Pfizer Canada has made a $600,000 gift to the McGill Interdisciplinary Initiative in Infection and Immunity (MI4) via McGill University and the McGill University Health Centre (MUHC) Foundation. The gift, which was announced on December 4, during the 2nd annual MI4 Scientific Symposium, will support innovation and life-changing research through the creation of the Pfizer Early Career Investigator Awards.
The Early Career Investigator Awards will provide early career scientists and researchers across the McGill and MUHC community with the opportunity to undertake high-impact research to curb the threat of infectious diseases and change the course of medicine. Over a three-year period, $100,000 will be awarded to each of two recipients per year, one PhD scientist and one clinician-scientist. The funding will include support for early-stage concepts with the potential to benefit coronavirus patients, in particular those suffering from pre-existing conditions such as chronic pain or cancer.
“Pfizer Canada is very proud to support the state-of-the-art science being generated by the MI4 initiative,” says Dr. Vratislav Hadrava, Vice-President and Medical Director, Pfizer Canada. “We are committed to doing all we can to respond to the COVID-19 pandemic and putting patient safety and public health as top priorities. That’s why we’re pleased to see that the work of the MI4 is so aligned with these objectives.”
Providing early career researchers with the tools to succeed
Recipients will have access to state-of-the-art equipment and research platforms at McGill University and the Centre for Translational Biology at the Research Institute of the McGill University Health Centre (RI-MUHC), including the MI4 clinical research platform and two Containment Level 3 laboratories where users can safely manipulate dangerous microorganisms such as SARS-CoV-2.
“As the pandemic has made stark, infectious and immune-mediated diseases continue to pose one of the greatest threats to human health,” says Dr.
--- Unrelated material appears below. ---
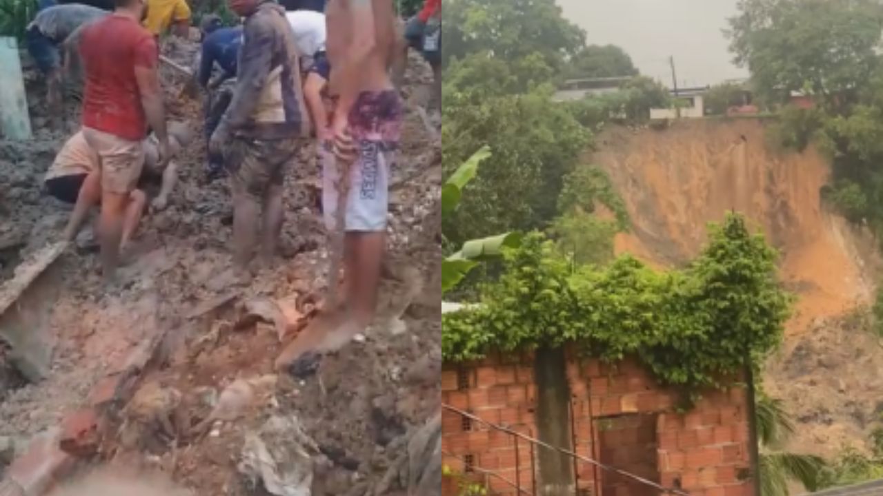 MANAUS (AM) – Na comunidade Fazendinha, na zona norte de Manaus, um desbarrancamento de terra atingiu quatro casas e deixou 6 pessoas soterradas na tarde desta quarta-feira (19).

David Eidelman, Vice-Principal (Health Affairs) and Dean of the Faculty of Medicine and Health Sciences at McGill. “Thank you to Pfizer for giving early career researchers and clinicians at McGill University and our affiliated hospital research institutes the means to build on existing infrastructure and expertise to take bold, decisive and creative action on one of society’s most pressing issues.”
Formally established in April 2018 thanks to a $15 million gift from Montreal’s Doggone Foundation, MI4 is one of the largest grouping of experts focused on infectious and immune-mediated diseased in the world. It brings together more than 250 researchers from McGill, the MUHC, the Jewish General Hospital and other affiliated research centres and hospitals.
“MI4 has an important role to play in the fight against COVID-19,” says Dr. Don Sheppard, founder and director of the initiative. “Donor generosity has already enabled us to provide seed funding for more than 75 high-risk, high-reward projects, many of which have since been further scaled with competitive funding. This new gift will help new investigators rapidly launch their programs and foster innovation.”
“Support for the next generation of researchers is key to accelerating discoveries – from conception to practical applications in the real world,” adds Julie Quenneville, President of the MUHC Foundation. “The last year has highlighted the importance of research and preparedness in infection and immunity. Pfizer’s gift provides the backing researchers need to work on truly out-of-the-box concepts that can translate into new treatments and cures with the potential to save lives.”